Stored data:
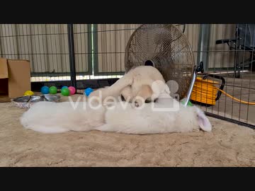 安孫子佳典 Golden Retriever Pup Walking Over Other Puppies To Lay Down Near Floor Fan
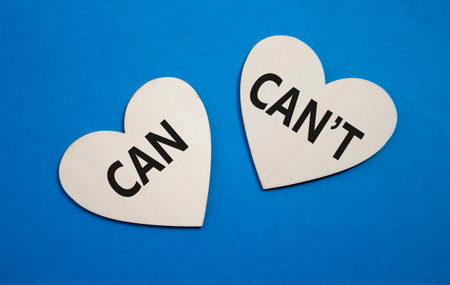 Can or Cant symbol. Concept word Can or Cant on wooden hearts. Beautiful blue background. Business and Can or Cant concept. Copy space
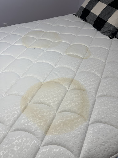 Upon arrival, we were greeted by substantial cleanliness issues: dead bugs on the floors & in window ledges, sticky, dirty rugs, and the primary bathroom / bedroom appeared to have not been cleaned whatsoever. The comforter & a throw pillow on the master bed had a crusty substance on them, the bathroom sink was covered in water spots, the hand towel was visibly dirty, and there was even a dirty bandaid in the garbage can. 🤢
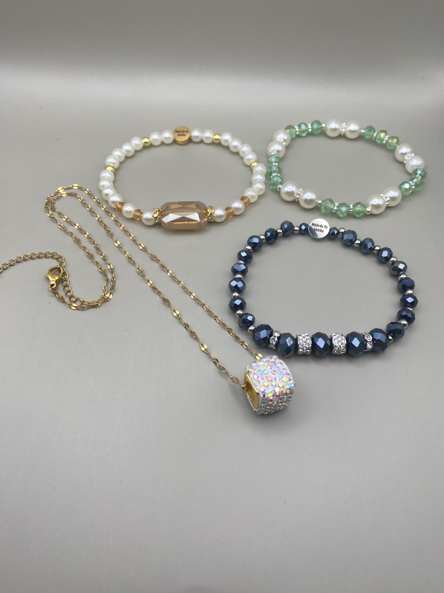 Du väljer storlek på armbanden vid beställning, och varje armband pärlas speciellt efter dina mått. Perfekt som present – eller som en vardagslyx till dig själv.
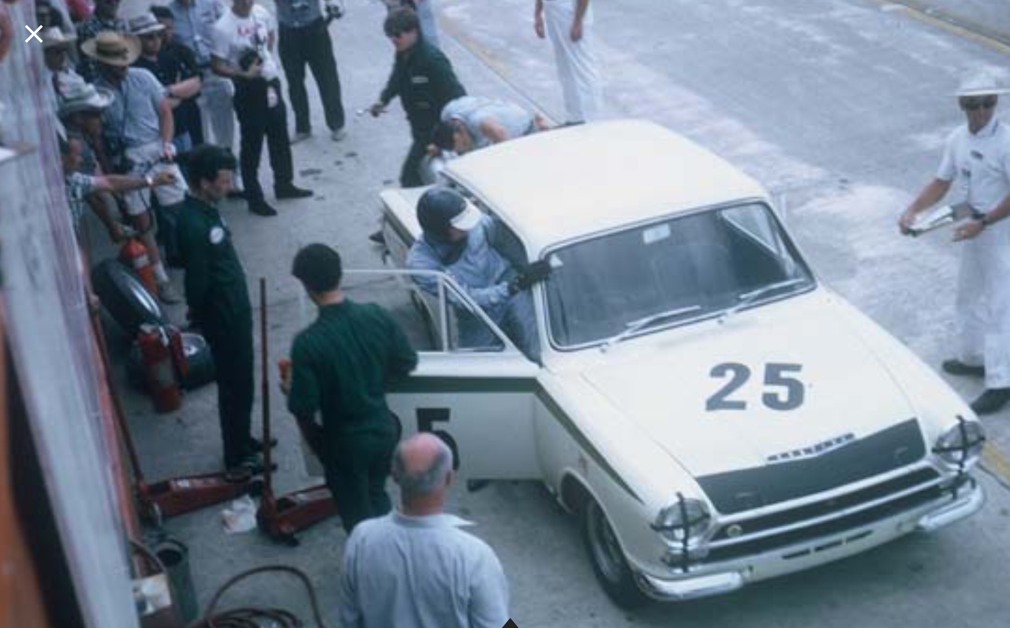 Contemporary writers made no mention of the irony – of the world’s Number One driver flying all the way to Florida merely to race a saloon car in the pre-game show – but today it has to be seen in the context of a Lewis Hamilton flying to Brazil to do a stock car race with his mate Rubens Barrichello. Or not. Anyway, fifty years ago, Jim raced one factory Cortina in the (three-hour) Marlboro 250 – cigarette advertising was on the rise – and his friend, Jack Sears, the other. Bob Dance, who had just turned 30, was on hand in support, as was Ray Parsons, Jim’s team-mate in the same race the year before.
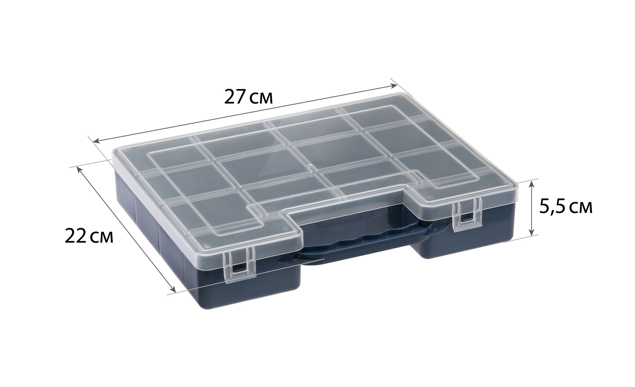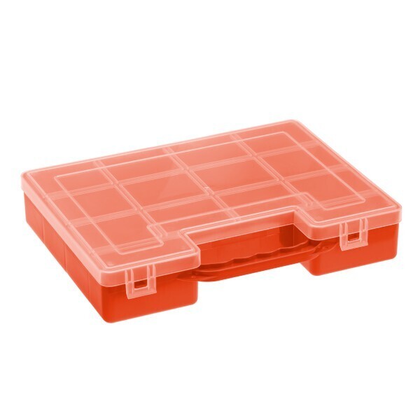 Компактный размер (270x220x55 мм) позволяет разместить органайзер даже в ограниченном пространстве. Яркие цветовые решения (красный, синий, оранжевый) добавляют практичности при использовании.
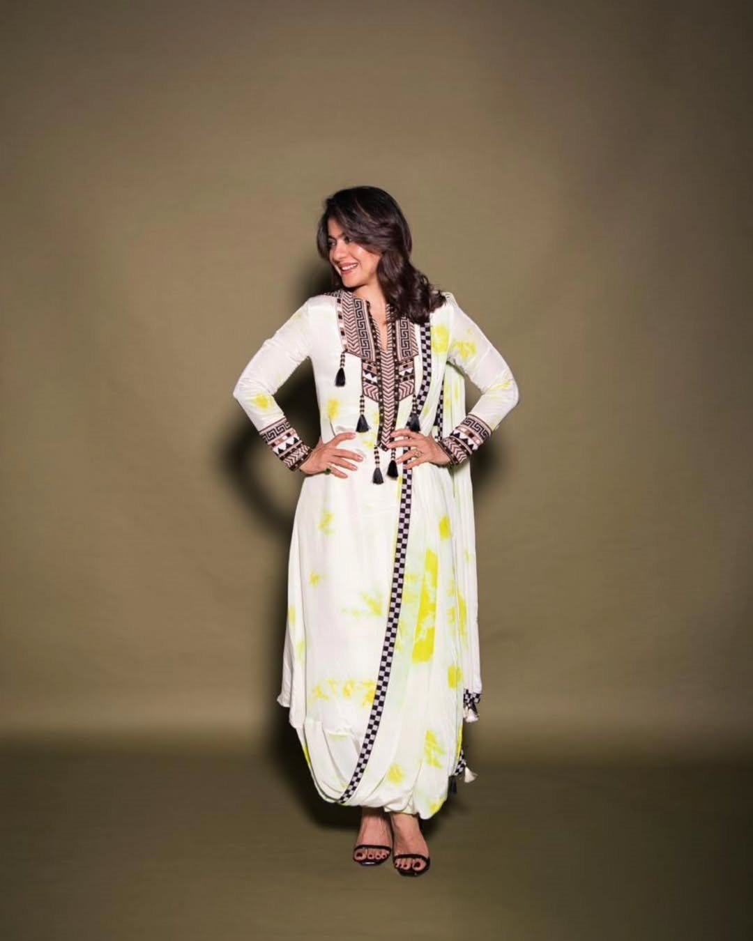 Kajol makes us all proud with her divine and demure ethnic wear. It’s a complete style evolution for the lady in a cream-colored tie-dye salwar kameez featuring a unique dupatta or a drape on one shoulder. True, her closet is as diverse as her acting skills. Her latest ethnic salwar suit look is breathtaking, making fans get crazy about her style. She has smartly added a dramatic flair to an ethnic salwar kameez. The cowl-like appearance at the hem of the designer suit is all about Kajol’s signature style. So, what are you waiting for? Get inspired by the star and keep trying out new styles.
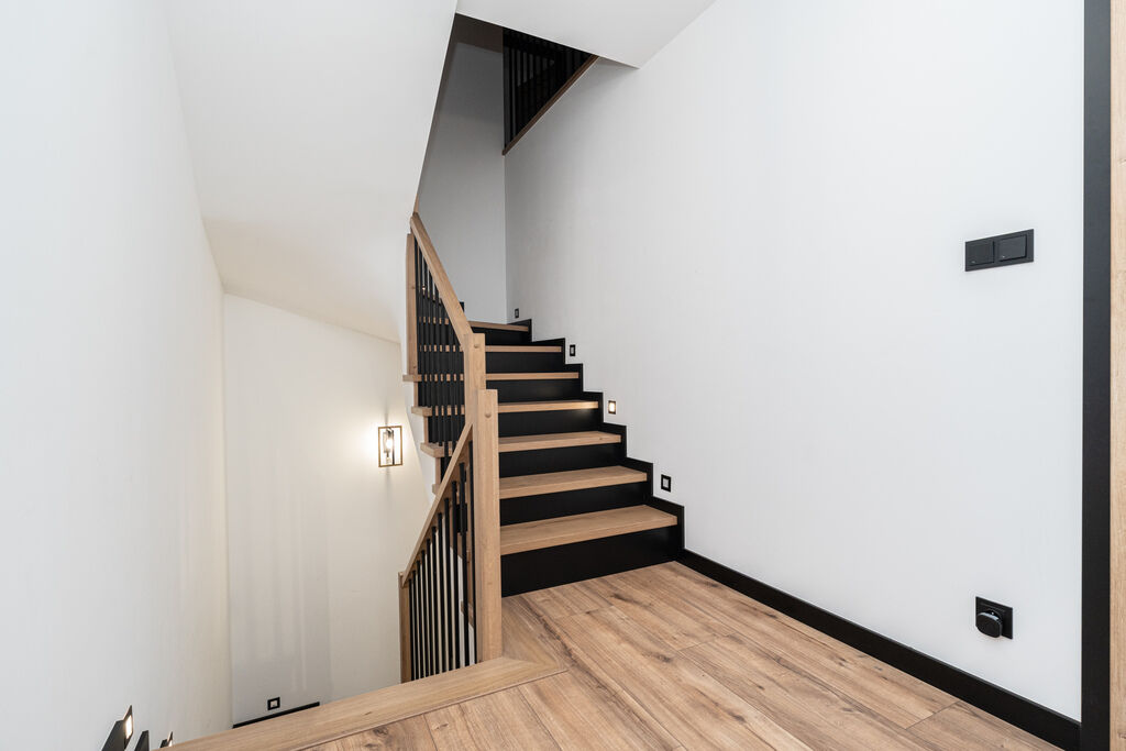 Schody dębowe, drewniane balustrady, oświetlenie z czujnikiem ruchu.
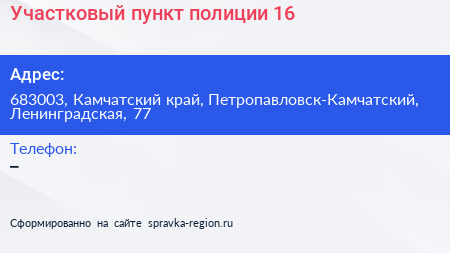 Участковый пункт полиции №16 по адресу 683003, Камчатский край, Петропавловск-Камчатский, Ленинградская, 77 в дальнейшем Организация, размещена в следующих категориях:
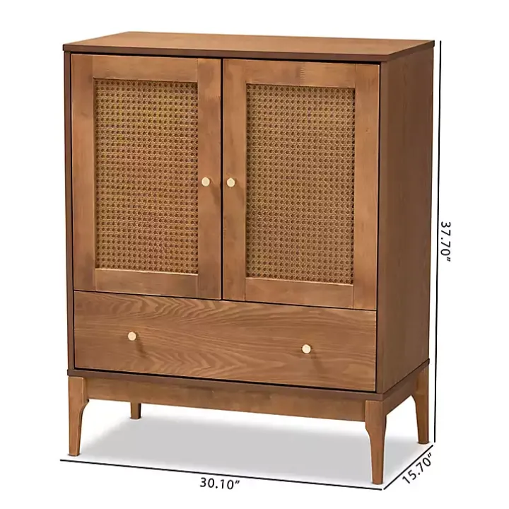 Elevate your home with our Mid-Century Modern Rattan Walnut Cabinet! This sophisticated cabinet will give your living room or entryway added storage and a stylish upgrade!
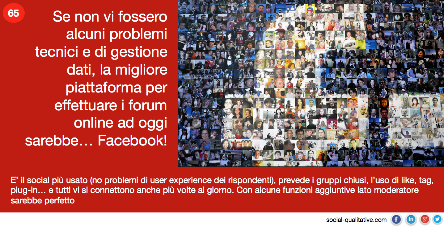 “Se non vi fossero alcuni problemi tecnici e di gestione dati, la migliore piattaforma per effettuare i forum online ad oggi sarebbe… Facebook! E’ il social più usato (no problemi di user experience dei rispondenti), prevede i gruppi chiusi, l’uso di like, tag, plug-in… e tutti vi si connettono anche più volte al giorno. Con alcune funzioni aggiuntive lato moderatore sarebbe perfetto”
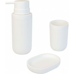 With this 3-piece bathroom set, you can furnish your bathroom with a cohesive look. The perfectly coordinated bathroom accessories include a toothbrush holder, a refillable soap dispenser for liquid soap, and a soap dish for bar soap. The bathroom accessories are made of durable and easy-care synthetic resin. Visually, the items impress with their elegant stone appearance and ribbed surface. Bathroom accessories in detail - Soap dispenser H x D: approx. 17 x 6.5 cm - Soap dish H x W x D: approx. 2.5 x 14 x 10 cm - Toothbrush holder H x D: approx. 10.5 x 7 cm - Material: polyresin - Available in various colours Stone-look bathroom accessory set - 3-piece bathroom set for a cohesive look in the bathroom - Refillable soap dispenser and tray for solid soap bars - Cup for storing toothbrushes or rinsing your mouth - Elegant bathroom accessories in stone appearance with ribbed surface - Bathroom items made of durable and easy-care synthetic resin Included in Delivery - 1x soap dispenser
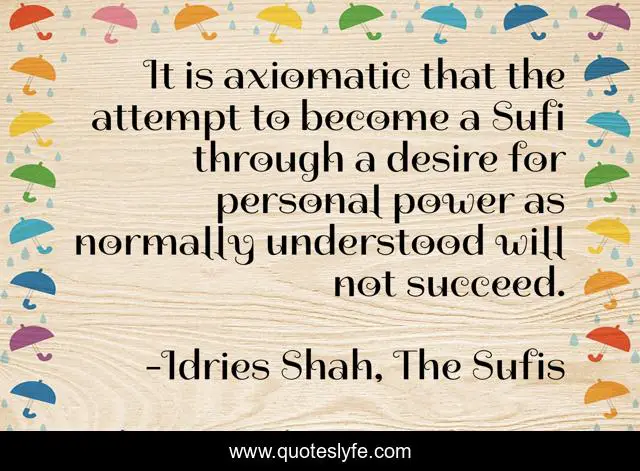 This page presents the quote "It is axiomatic that the attempt to become a Sufi through a desire for personal power as normally understood will not succeed.". Author of this quote is Idries Shah, The Sufis. This quote is about egocerity, psychology, sufi, mind, sufism, sincerity, sufis, concealment, greed,.
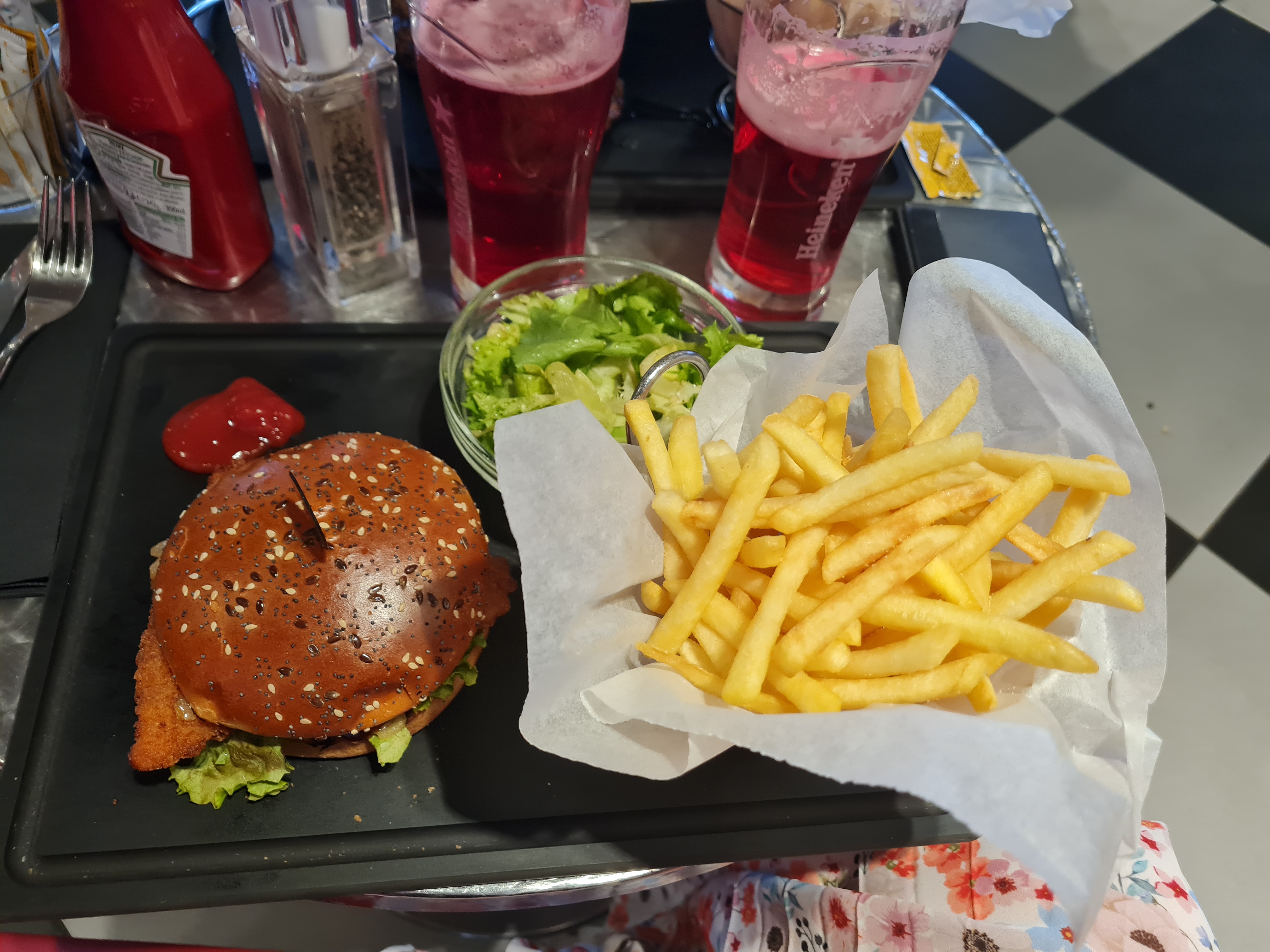J ai pris une salade à emporter ainsi qu’un burger frite et dans l ensemble c était bon. Salade avec du thon, un tartare de saumon et des crevettes bien servie pour un appétit « normal ». Par contre le burger pour lequel on peut choisir la cuisson de la viande est bon sans plus. Frites goûteuses. Dans l’ensemble je valide la partie take away =vente à emporter.

Task item: Instructions for the copy: start at the first entry, stop after the line containing "Can or Cant symbol.", keep every line exact, and drop the pictures.

Final answer:
 安孫子佳典 Golden Retriever Pup Walking Over Other Puppies To Lay Down Near Floor Fan
 Can or Cant symbol. Concept word Can or Cant on wooden hearts. Beautiful blue background. Business and Can or Cant concept. Copy space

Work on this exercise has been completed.